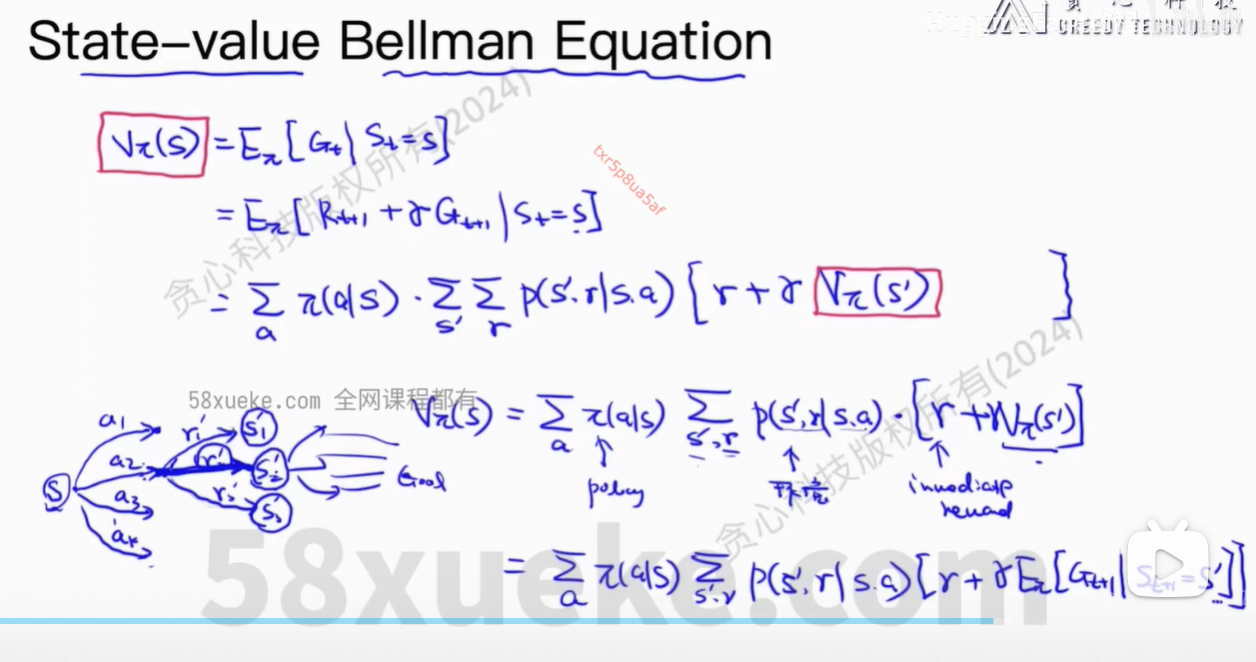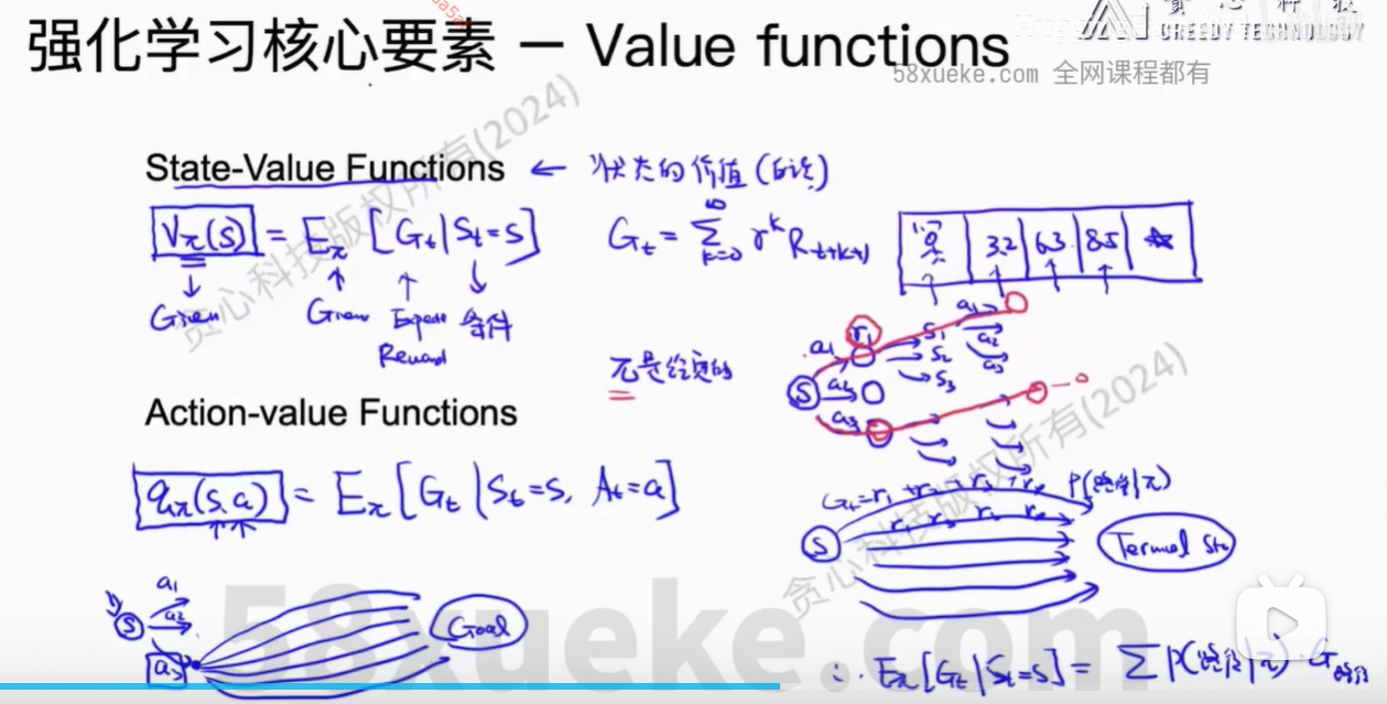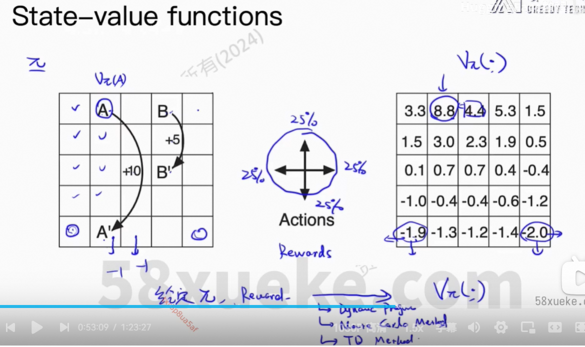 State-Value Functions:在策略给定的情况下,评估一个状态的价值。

▬▬▬▬▬▬

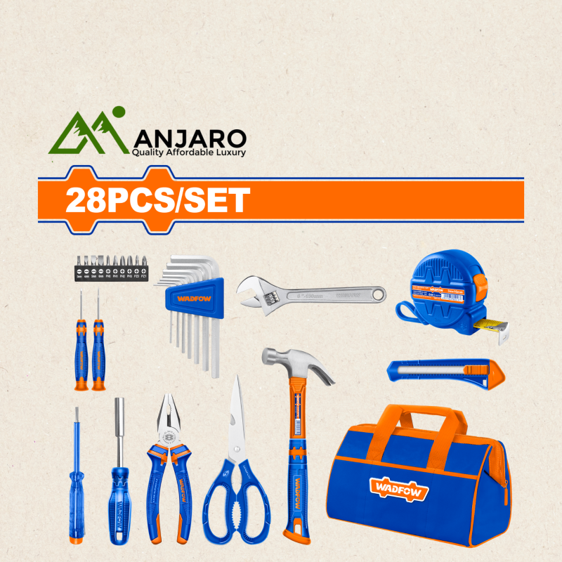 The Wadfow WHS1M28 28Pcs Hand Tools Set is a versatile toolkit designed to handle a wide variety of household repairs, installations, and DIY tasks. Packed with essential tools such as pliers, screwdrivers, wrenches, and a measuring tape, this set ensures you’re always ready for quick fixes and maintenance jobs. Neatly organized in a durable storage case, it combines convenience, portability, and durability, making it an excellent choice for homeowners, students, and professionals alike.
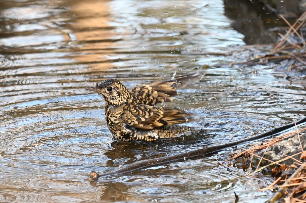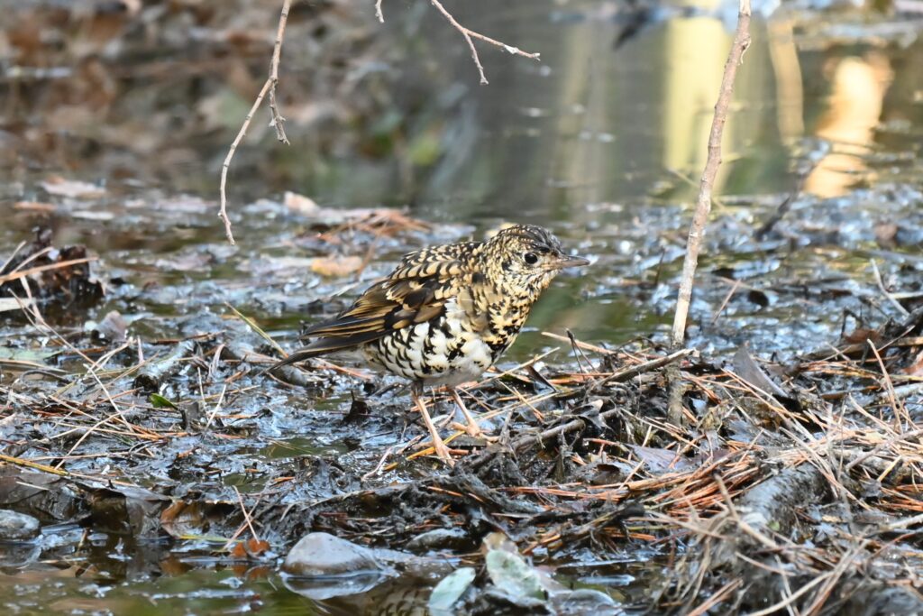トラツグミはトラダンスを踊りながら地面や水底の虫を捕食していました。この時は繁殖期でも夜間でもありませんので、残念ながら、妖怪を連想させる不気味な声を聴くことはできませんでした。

▬▬▬▬▬▬

What this task involves
Excerpt from the records above: set down only the lines from the one that contains "The Wadfow WHS1M28" through the one that contains "トラツグミはトラダンスを踊り", inclusive, word for word. Pictures stay out.

Task response
 The Wadfow WHS1M28 28Pcs Hand Tools Set is a versatile toolkit designed to handle a wide variety of household repairs, installations, and DIY tasks. Packed with essential tools such as pliers, screwdrivers, wrenches, and a measuring tape, this set ensures you’re always ready for quick fixes and maintenance jobs. Neatly organized in a durable storage case, it combines convenience, portability, and durability, making it an excellent choice for homeowners, students, and professionals alike.
トラツグミはトラダンスを踊りながら地面や水底の虫を捕食していました。この時は繁殖期でも夜間でもありませんので、残念ながら、妖怪を連想させる不気味な声を聴くことはできませんでした。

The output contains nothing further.